ウェブアプリケーションにおいて、認証がかかっている画像や大きなファイルを配信する場合には、Perlbal 等でサポートされている X-Reproxy-URL
ヘッダが有効なことが知られていて、その理由としては、
- (メモリを大食いする) アプリケーションサーバのプロセスを転送終了まで占有しない
- HTTP ベースの分散ファイルシステムとリバースプロキシが直接交信するので、ネットワーク負荷が低い
といった点が挙げられます。「でも、Apache は X-Reproxy-URL ヘッダをサポートしてないんだよねー」という話が、先日の YAPC::Asia 2009 においても話題になっていました[要出典]。回避策としては、ワンタイムURLのような手法もあるのですが、セキュリティな懸念もあります。
何とかしたいと思っていたのですが、lighttpd 1.4.x 系では fastcgi
や proxy
などで利用する subrequest フックが1コネクションにつき一つのプラグインでしか使用することができません。
ですので、昔のエントリで紹介したように mod_fastcgi に対するパッチのような形でしか実現不可能かと思っていました。
しかし、kazuho さんが Apache 用のモジュールを書かれているのをみて、このままでは現状よくつかわれている httpd において X-Reproxy-URL
をサポートしないのは lighttpd だけになってしまうと思い、もう一度考えてみました。
結論としては、あっさりできました。やる気になってみる物です。Github に置いてあります。
http://github.com/typester/mod_reproxy
使い方は簡単。
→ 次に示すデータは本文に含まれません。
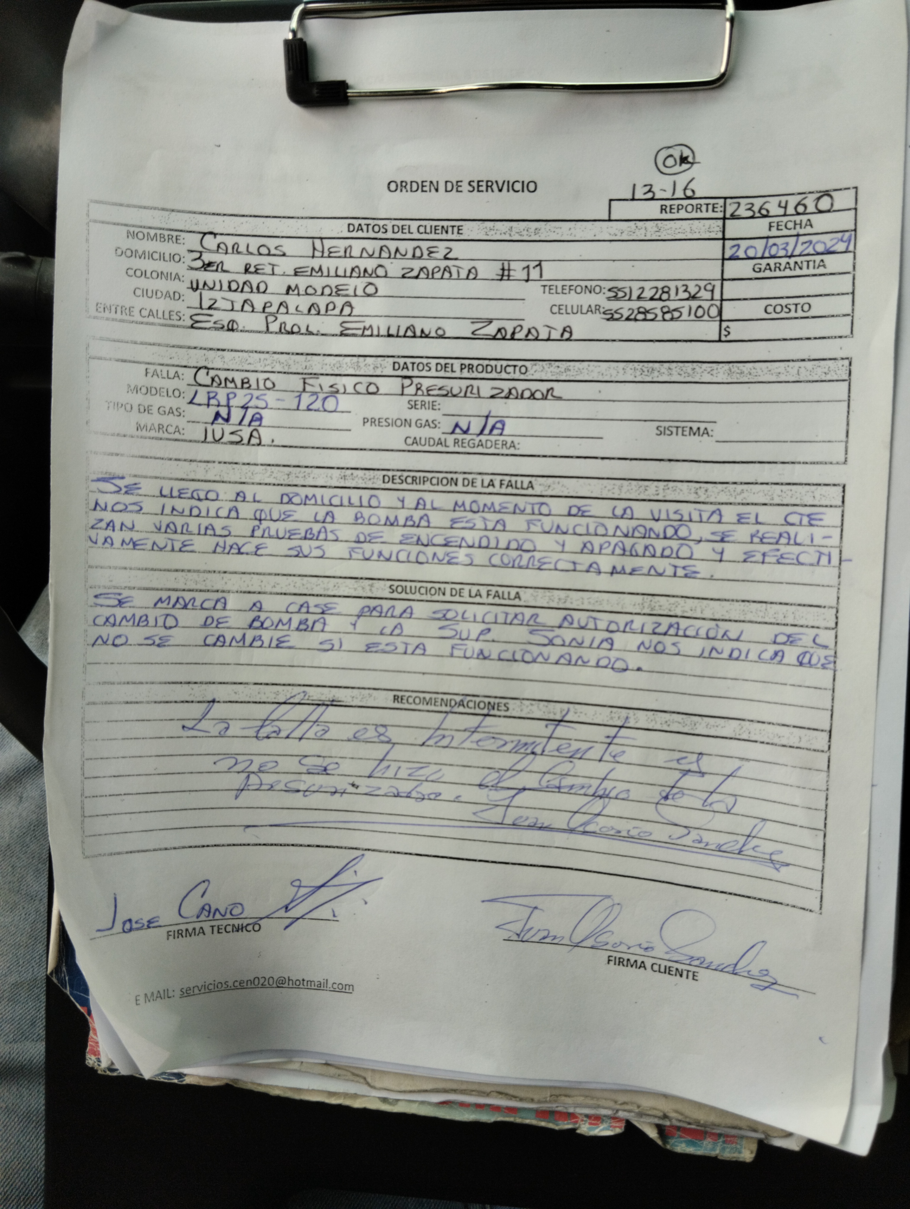 | Orden de Servicio | 236460 | Orden Interna Refacción | 618750 | ||||||||||||||||
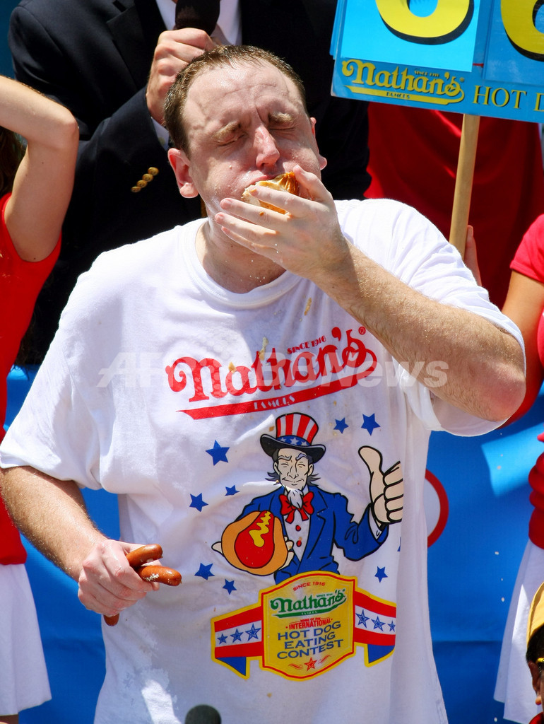 【7月5日 AFP】米独立記念日の4日、ニューヨーク(New York)州コニーアイランド(Coney Island)で毎年恒例の「ネイサンズ国際ホットドッグ早食い選手権(Nathan's Hot Dog Eating Contest)」が行われ、「ジョーズ(Jaws、顎)」ことジョーイ・チェスナット(Joey Chestnut)さんが69個のホットドッグを10分で完食し、昨年打ち立てた68個の自己最高記録を更新して7回目の優勝を果たした。
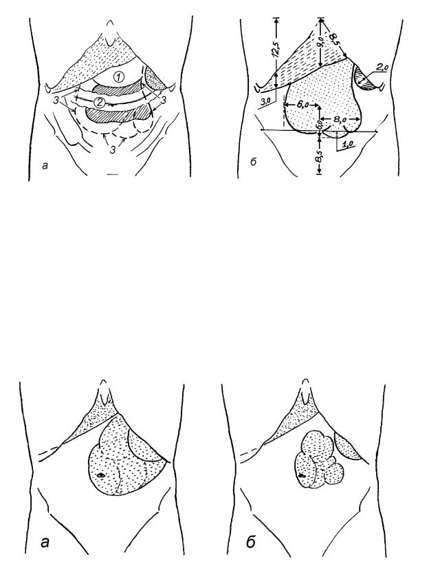 а – результаты пальпации и перкуссии: 1 – желудок, 2 – поперечная ободочная кишка, 3 – контур конгломерата, заштрихована область тупого перкуторного звука;
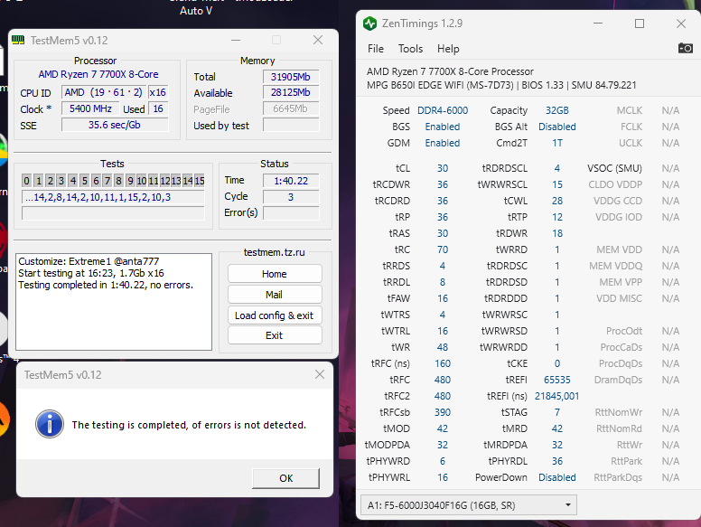 Здравствуйте, не особо разбираюсь в таймингах и ручном разгоне и хотелось бы задать вопрос вам-знатокам. Память при выставленном в биосе EXPO профиле 6000/5600 сыпет ошибками, при том не всегда, может пройти тест без ошибок, а уже следом запущенный тест их выдает. Пробовал лишь поднимать напряжение. Бывает сутки все работает, а на следующий день уже крашит. Подскажите в какую сторону копать? Спасибо.

mod_reproxy.c を lighttpd の src ディレクトリにいれ、src/Makefile.am
に以下の行を付け加えます。
lib_LTLIBRARIES += mod_reproxy.la
mod_reproxy_la_SOURCES = mod_reproxy.c
mod_reproxy_la_LDFLAGS = -module -export-dynamic -avoid-version -no-undefined
mod_reproxy_la_LIBADD = $(common_libadd)
その後、
./autogen.sh
./configure ...
make && make install
で、mod_reproxy が付属した lighttpd がインストールされます。
その後、lighttpd の設定ファイルに
reproxy.enable = "enable"
と追記すれば、その追記した範囲において、X-Reproxy-URL
ヘッダによる内部リダイレクトが有効になります。基本的に subrequest を使用するすべてのモジュール(mod_proxy
, mod_cgi
, mod_fastcgi
, mod_scgi
)でこの機能が有効になります。
それだけです。特に説明することもないのですが、状況によっては便利に使えるかと思います。